Your task is to restate word for word the lines in the material below, from the one with "说我超过注册时间 ,余额直接清零" up to and including the one with "जिला पंचायत CEO". Do not carry over the pictures.

### [Extracted records]
BEGIN

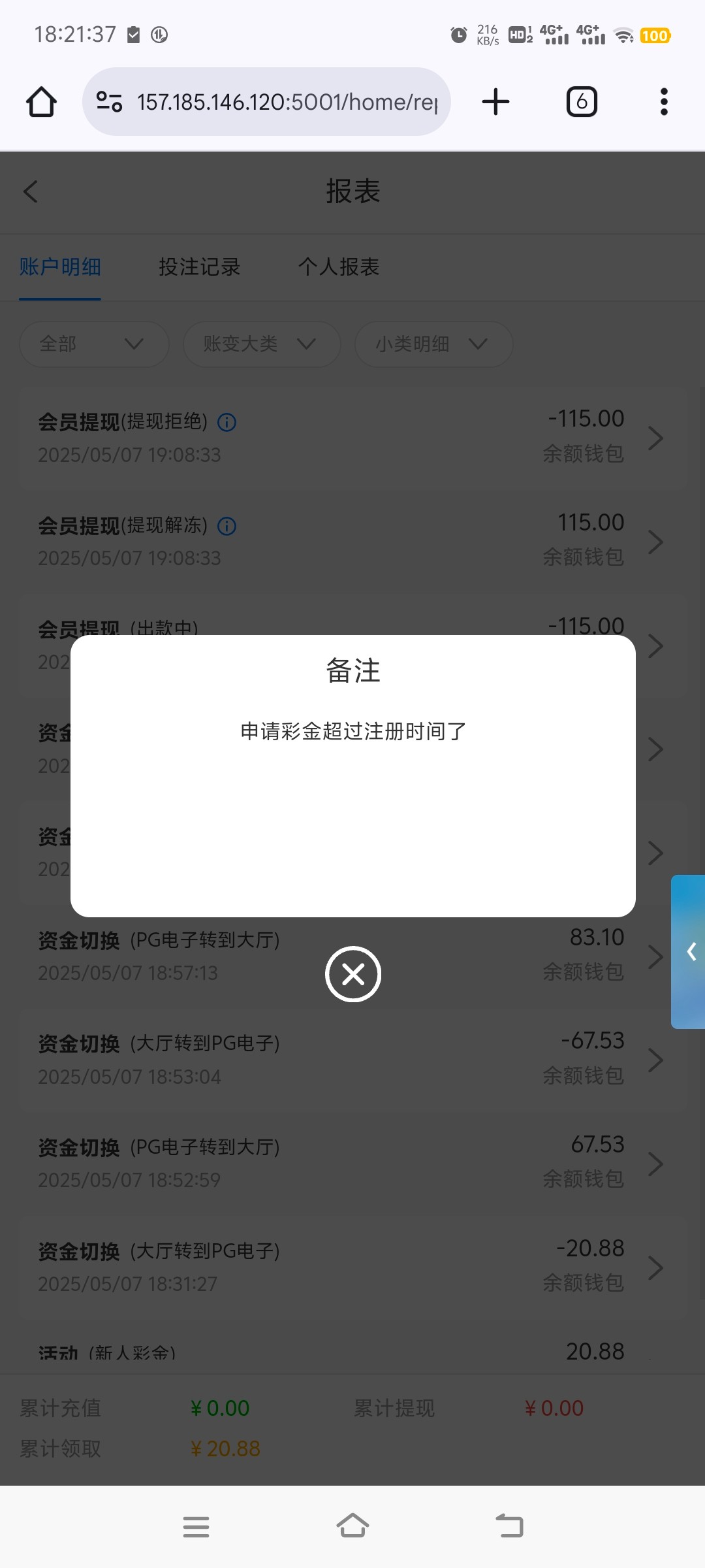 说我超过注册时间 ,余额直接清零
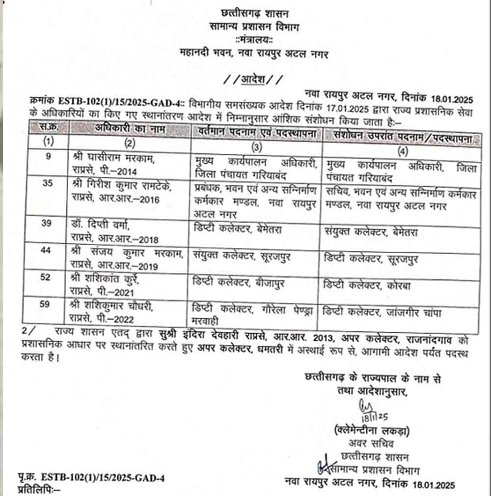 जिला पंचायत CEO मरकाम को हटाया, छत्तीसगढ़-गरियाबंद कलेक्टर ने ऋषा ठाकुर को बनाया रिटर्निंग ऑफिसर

END
BEGIN

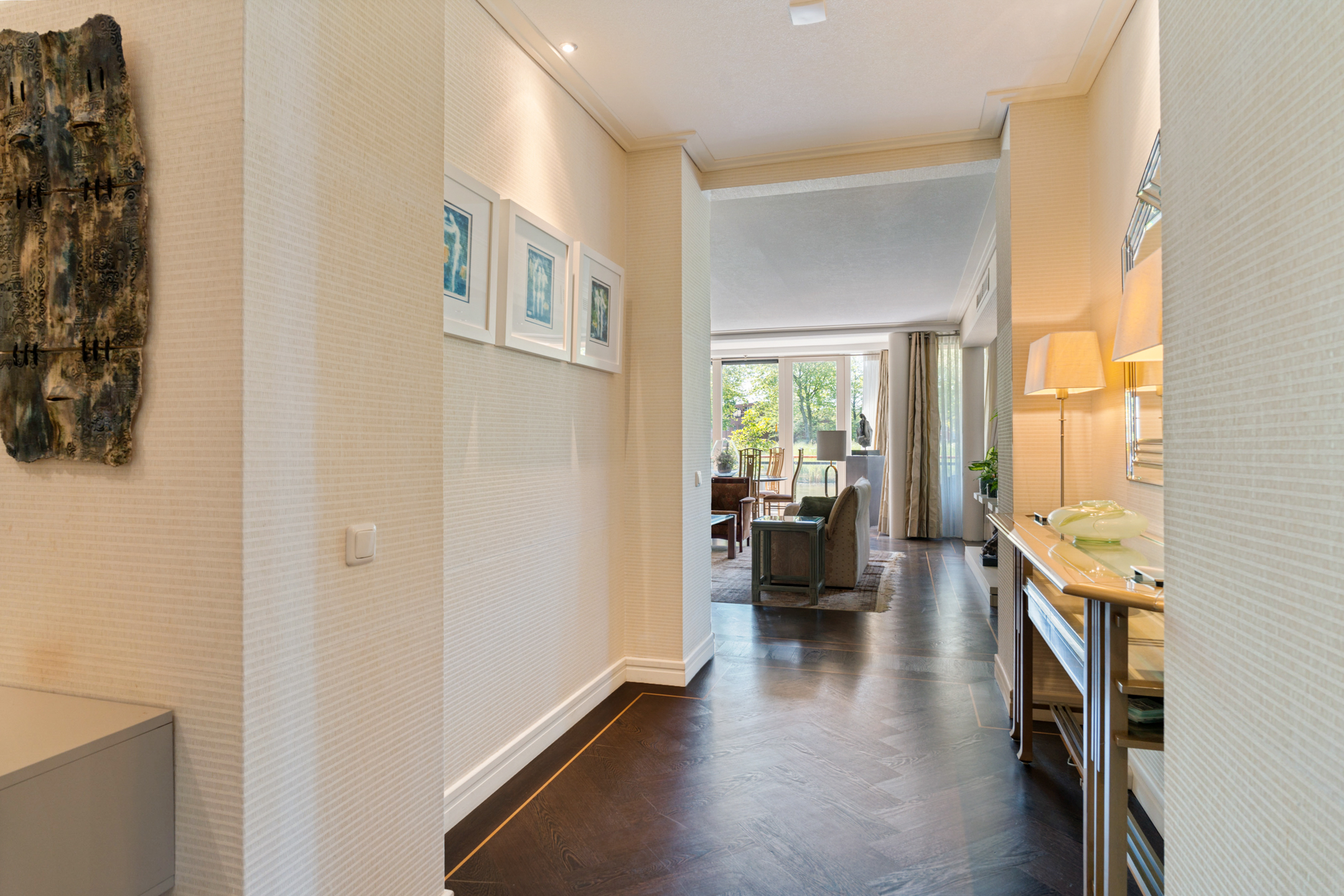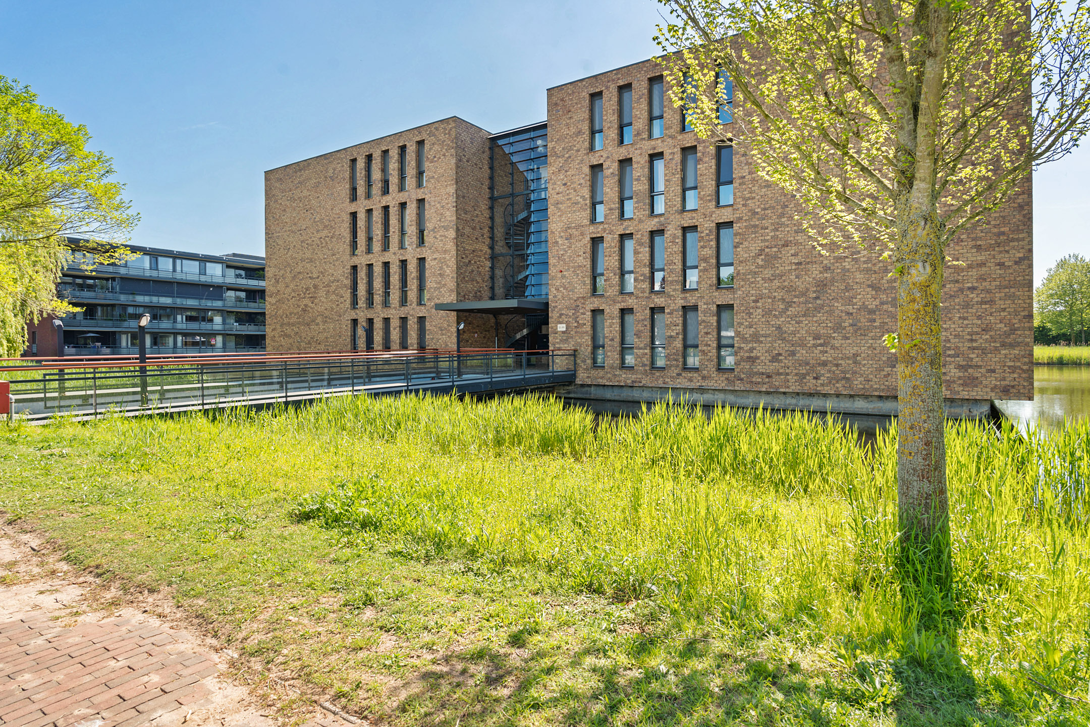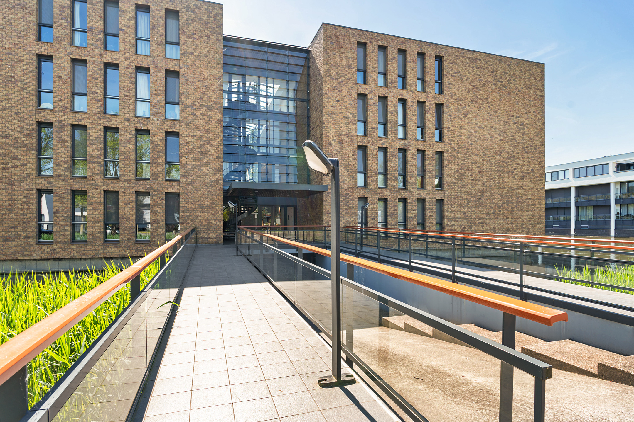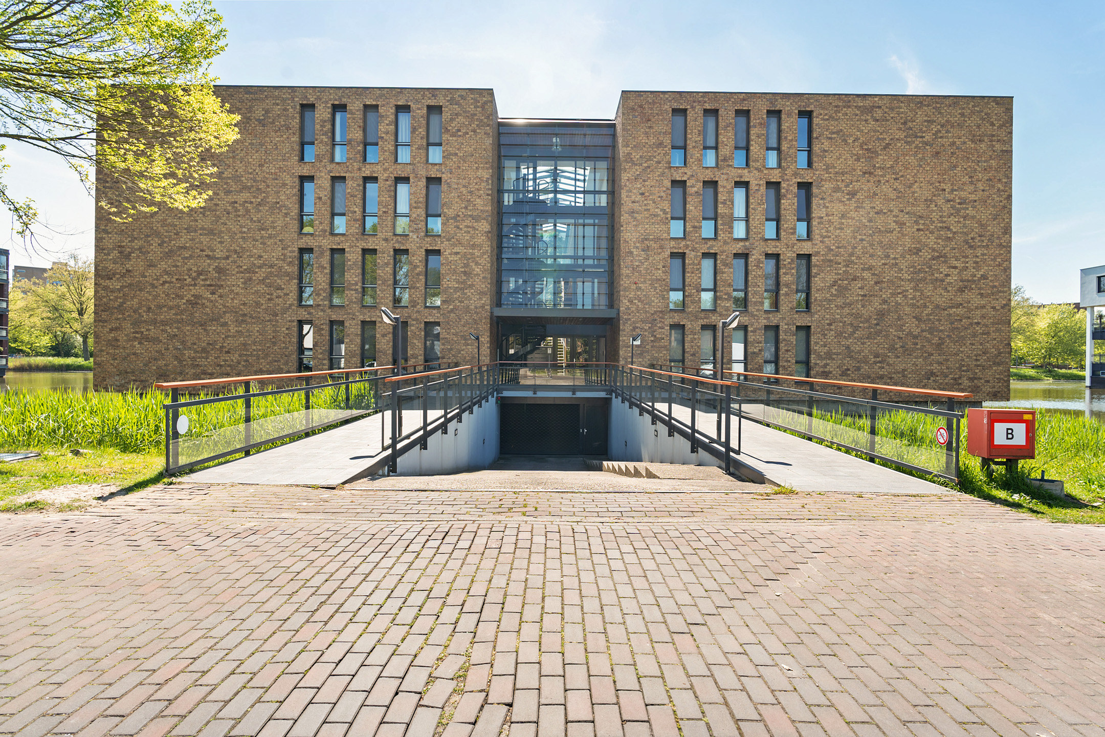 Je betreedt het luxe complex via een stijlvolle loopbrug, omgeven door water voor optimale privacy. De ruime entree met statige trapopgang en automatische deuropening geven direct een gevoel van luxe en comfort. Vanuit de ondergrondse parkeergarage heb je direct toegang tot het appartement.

END
BEGIN

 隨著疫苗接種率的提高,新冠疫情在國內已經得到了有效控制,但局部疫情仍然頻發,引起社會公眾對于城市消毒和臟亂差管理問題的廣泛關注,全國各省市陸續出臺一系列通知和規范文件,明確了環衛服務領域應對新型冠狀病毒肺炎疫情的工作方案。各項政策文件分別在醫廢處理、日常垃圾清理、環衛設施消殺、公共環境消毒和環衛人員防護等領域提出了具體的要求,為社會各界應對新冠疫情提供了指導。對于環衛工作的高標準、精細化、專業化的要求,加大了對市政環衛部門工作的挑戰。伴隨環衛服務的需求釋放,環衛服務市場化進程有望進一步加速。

END

### [Response to this task]
 说我超过注册时间 ,余额直接清零
 जिला पंचायत CEO मरकाम को हटाया, छत्तीसगढ़-गरियाबंद कलेक्टर ने ऋषा ठाकुर को बनाया रिटर्निंग ऑफिसर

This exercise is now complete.